» Directions for this task
Retype the data exactly, from its first line to the line containing "В субботу, 14", including both, and skip any picture.
Given data START
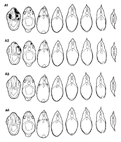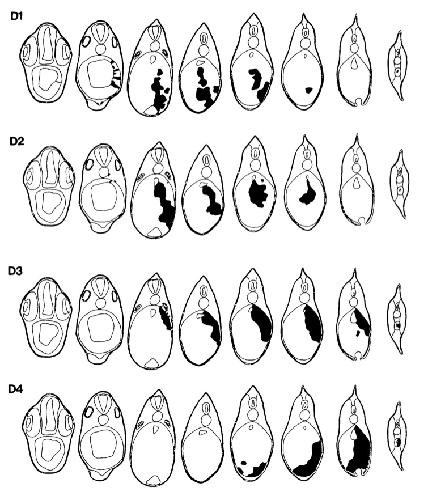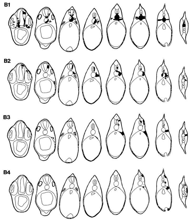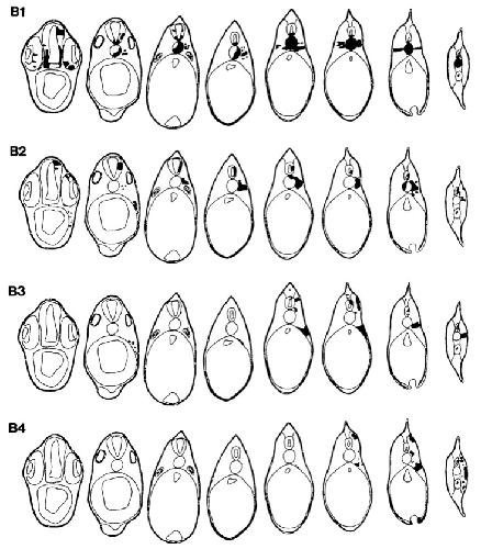 Figure 5. 3D reconstructions of typical cases representing each of the 16 blastomere injections. [B blastomeres]
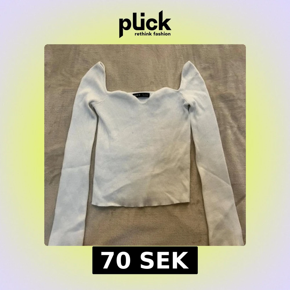 Säljer en vit ribbad långärmad topp från SHEIN med unik v-ringad halsringning och figurnära passform. Toppen har långa ärmar och är tillverkad i stretchigt material som sitter snyggt på kroppen.
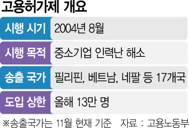 고용허가제는 내국인을 구하기 어려운 중소기업 등이 외국인 근로자를 '합법적으로' 고용할 수 있도록 정부가 허가하는 제도다.
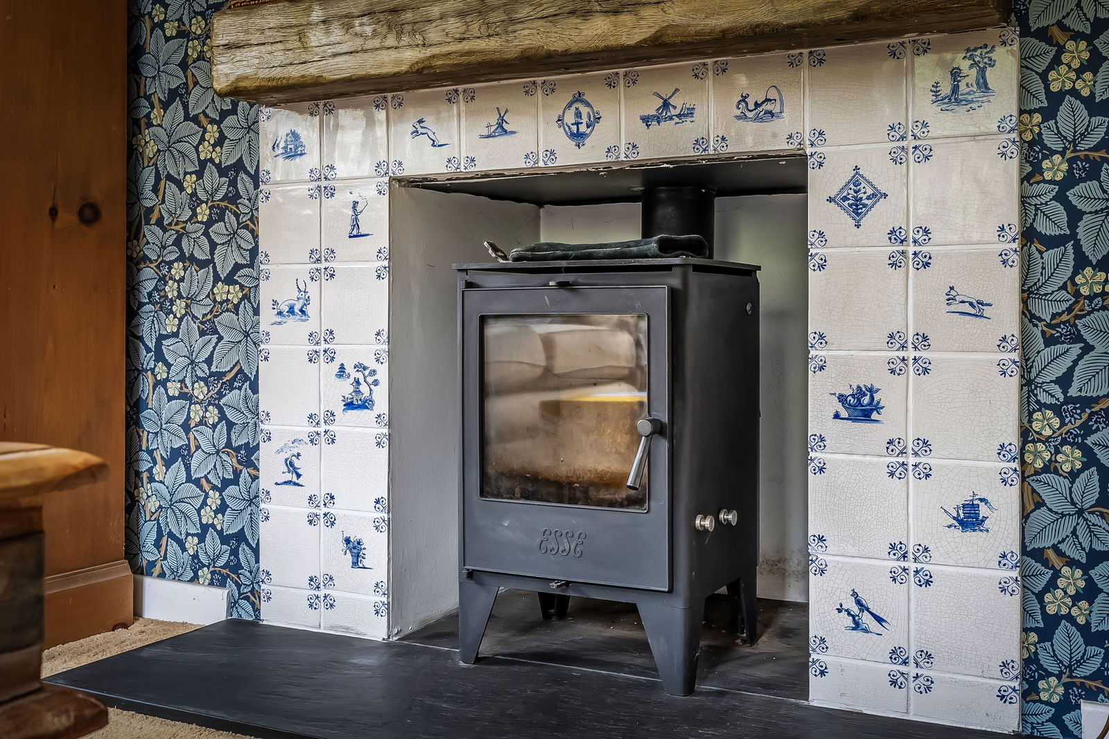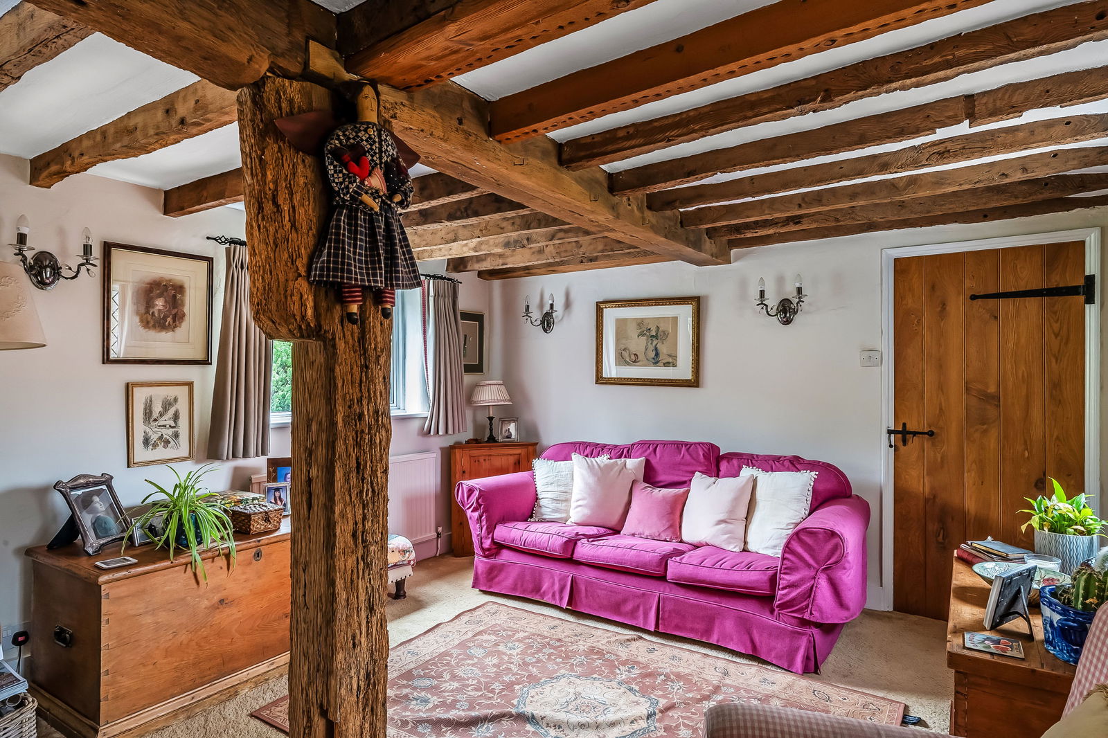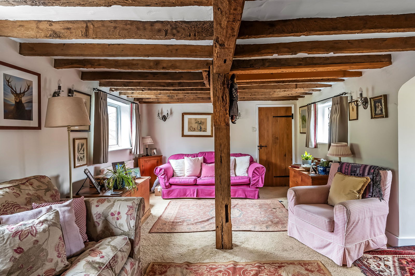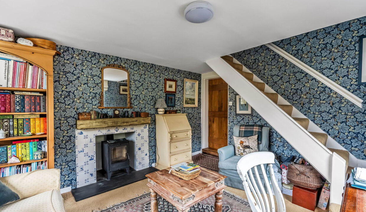 -Impressive Double Aspect Sitting Room. Heavy exposed ceiling timbers, inglenook fireplace with woodburning stove, door to:
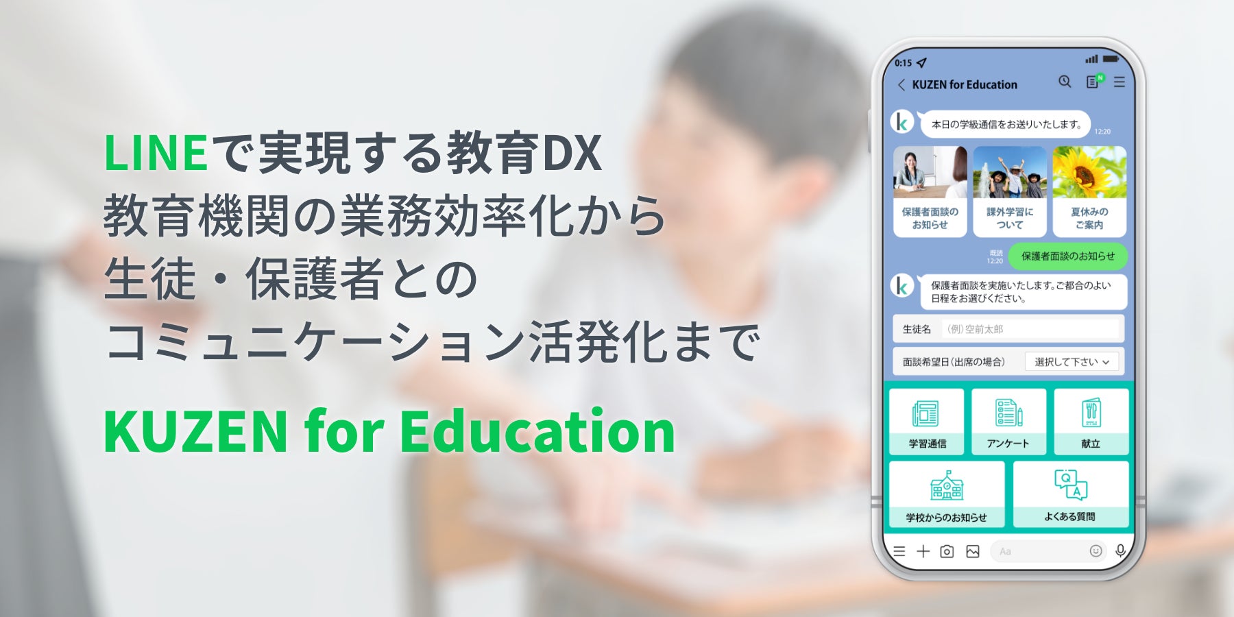 「KUZEN for Education」は、学校(大学を含む)、学習塾および各種スクールなど教育業界に向けたサービスです。当サービスの利用を通じて、LINE公式アカウントで入学を希望する生徒、既存生徒とのコミュニケーションの活性化促進等、教育業界のDX推進を支援してまいります。
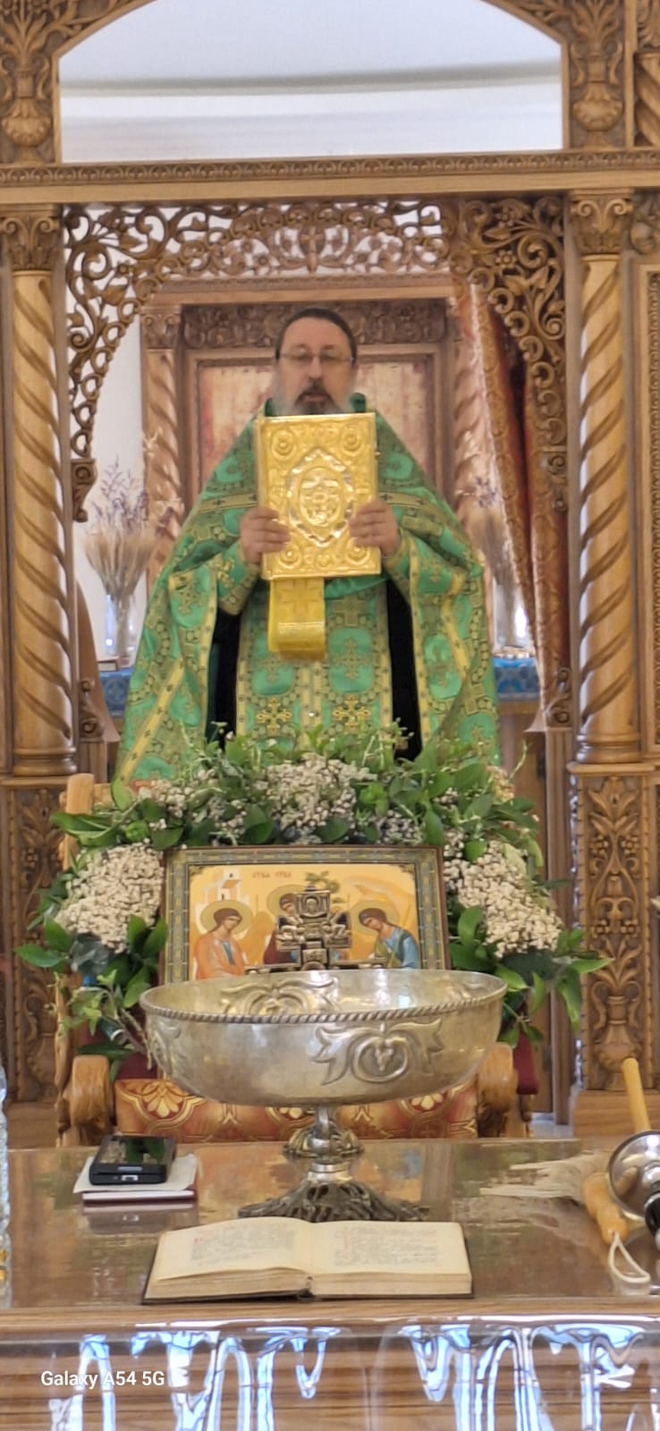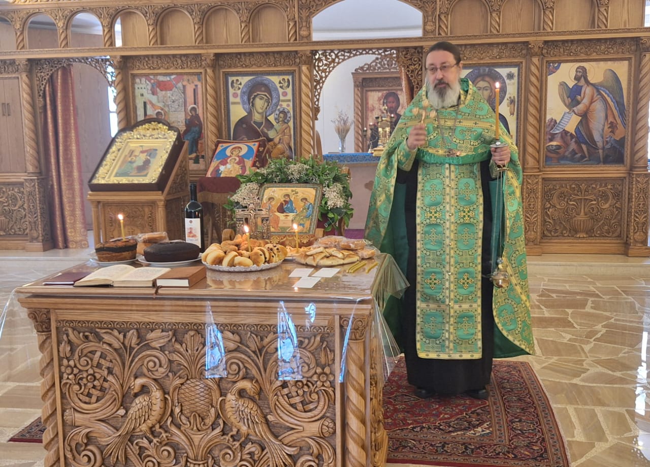 В субботу, 14 июня, в день отдания праздника Святой Пятидесятницы в храме Благовещения Пресвятой Богородицы был совершен Водосвятный молебен и Панихида. Богослужение совершил архимандрит Филипп.
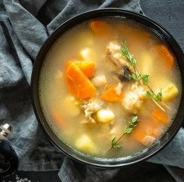 3 Kuhane ribe poberemo iz juhe in jim odstranimo vse kosti. Juho precedimo in vanjo stresemo prepraženo čebulo s paradižnikom.
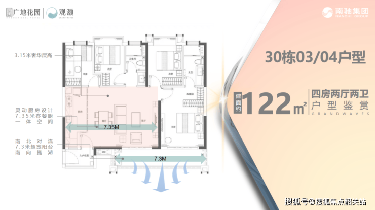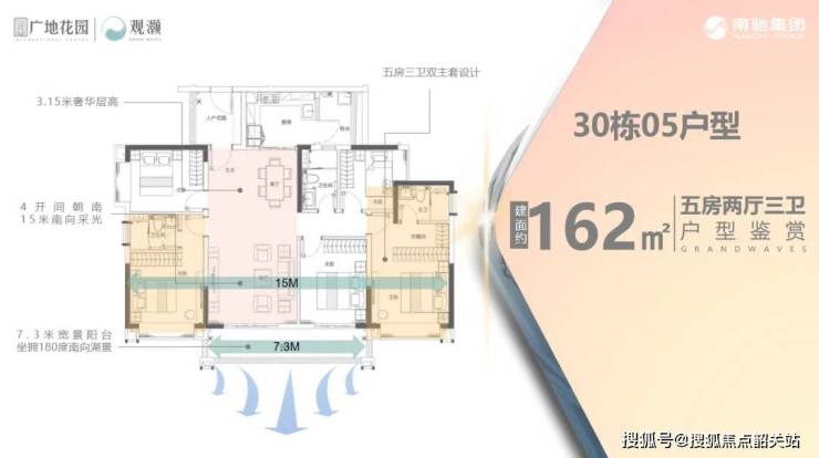 125㎡四房两厅两卫:横厅设计,6.8米超大阳台,直面中央园林,采光通风极佳,适合三代同堂家庭,目前该户型关注度极高。
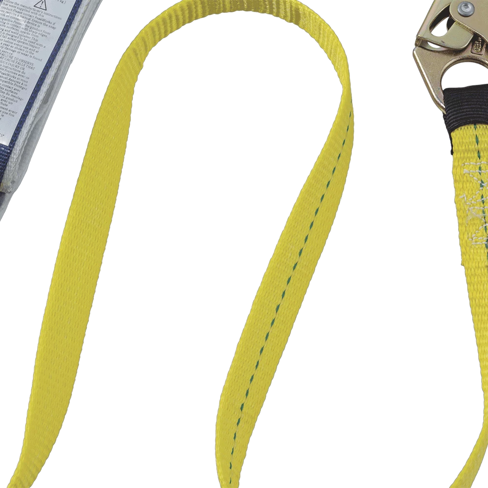 SP (Shock Pack) lanyards are comprised of “tear webbing” which is woven in a manner that allows the webbing to tear when it has a load applied to it. This tearing absorbs a significant amount of downward force under load, reducing injury. This tear webbing is folded and shrink-wrapped into a compact 1 x 2 x 6″ (2.5 x 5 x 15 cm) pack that is sewn into the lanyard next to the body connector.
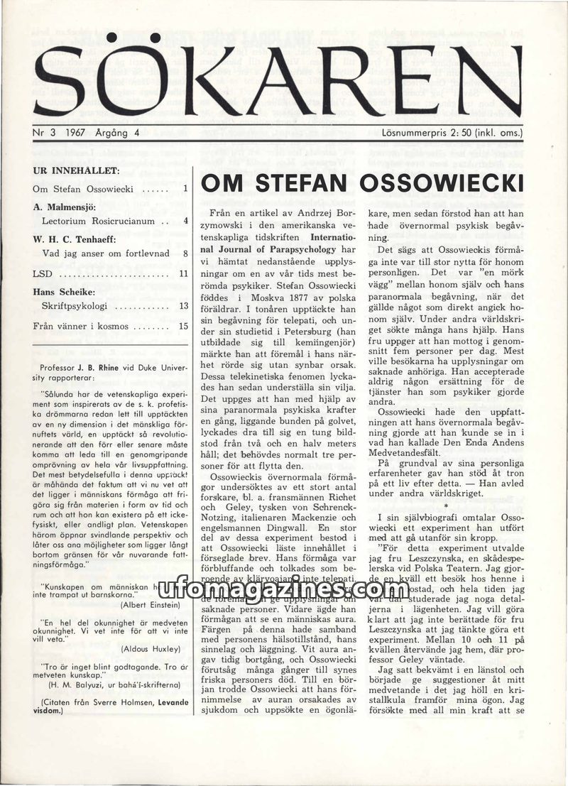 This issue of Sökaren magazine from 1967 delves into various paranormal and spiritual topics. A major feature explores the life and psychic abilities of Stefan Ossowiecki, detailin
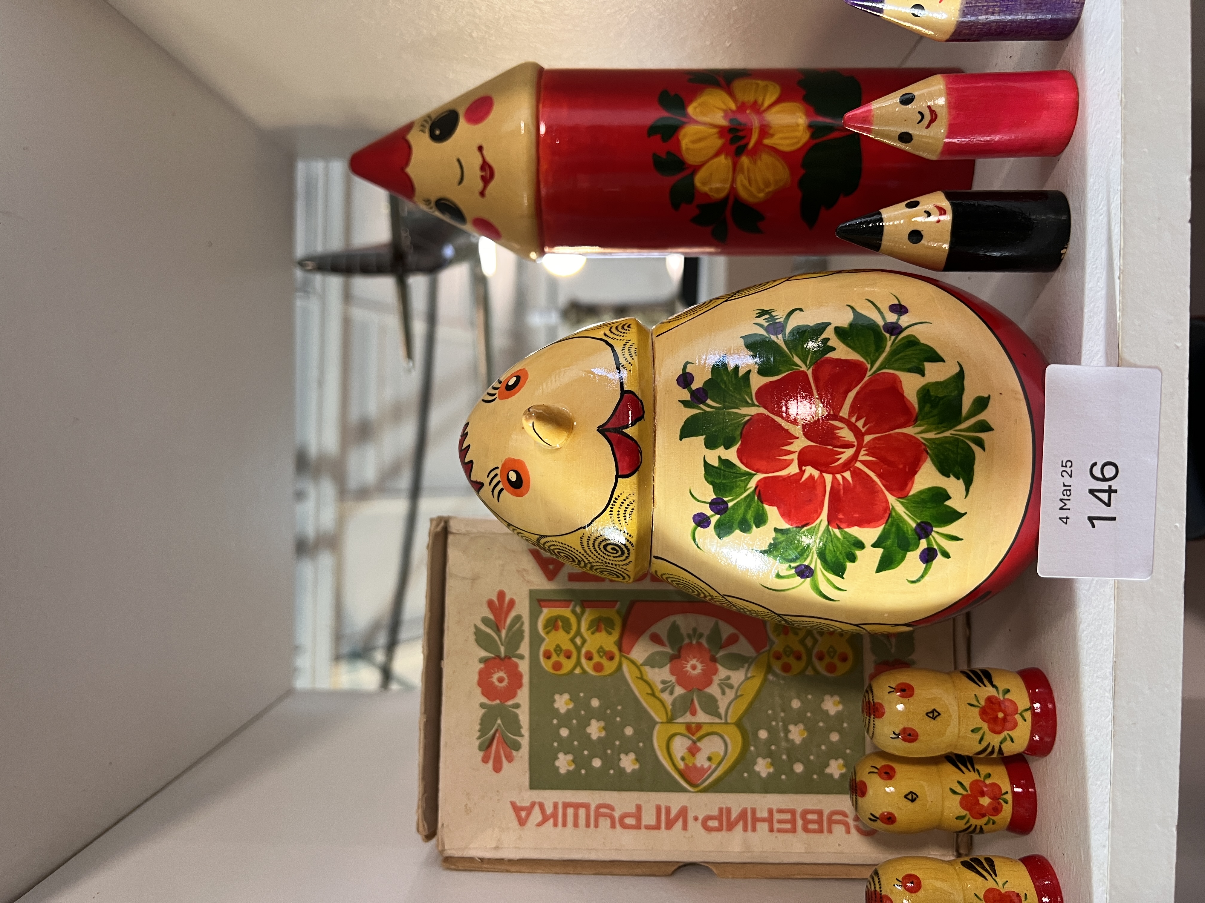 Two vintage Russian Matryoshka dolls including boxed bird and pencil
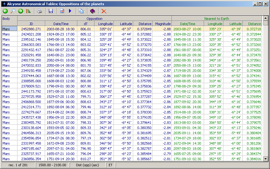 Screenshot: Oppositions of Mars 1500-2100
Given data END
» Answer
 Figure 5. 3D reconstructions of typical cases representing each of the 16 blastomere injections. [B blastomeres]
 Säljer en vit ribbad långärmad topp från SHEIN med unik v-ringad halsringning och figurnära passform. Toppen har långa ärmar och är tillverkad i stretchigt material som sitter snyggt på kroppen.
 고용허가제는 내국인을 구하기 어려운 중소기업 등이 외국인 근로자를 '합법적으로' 고용할 수 있도록 정부가 허가하는 제도다.
 -Impressive Double Aspect Sitting Room. Heavy exposed ceiling timbers, inglenook fireplace with woodburning stove, door to:
 「KUZEN for Education」は、学校(大学を含む)、学習塾および各種スクールなど教育業界に向けたサービスです。当サービスの利用を通じて、LINE公式アカウントで入学を希望する生徒、既存生徒とのコミュニケーションの活性化促進等、教育業界のDX推進を支援してまいります。
 В субботу, 14 июня, в день отдания праздника Святой Пятидесятницы в храме Благовещения Пресвятой Богородицы был совершен Водосвятный молебен и Панихида. Богослужение совершил архимандрит Филипп.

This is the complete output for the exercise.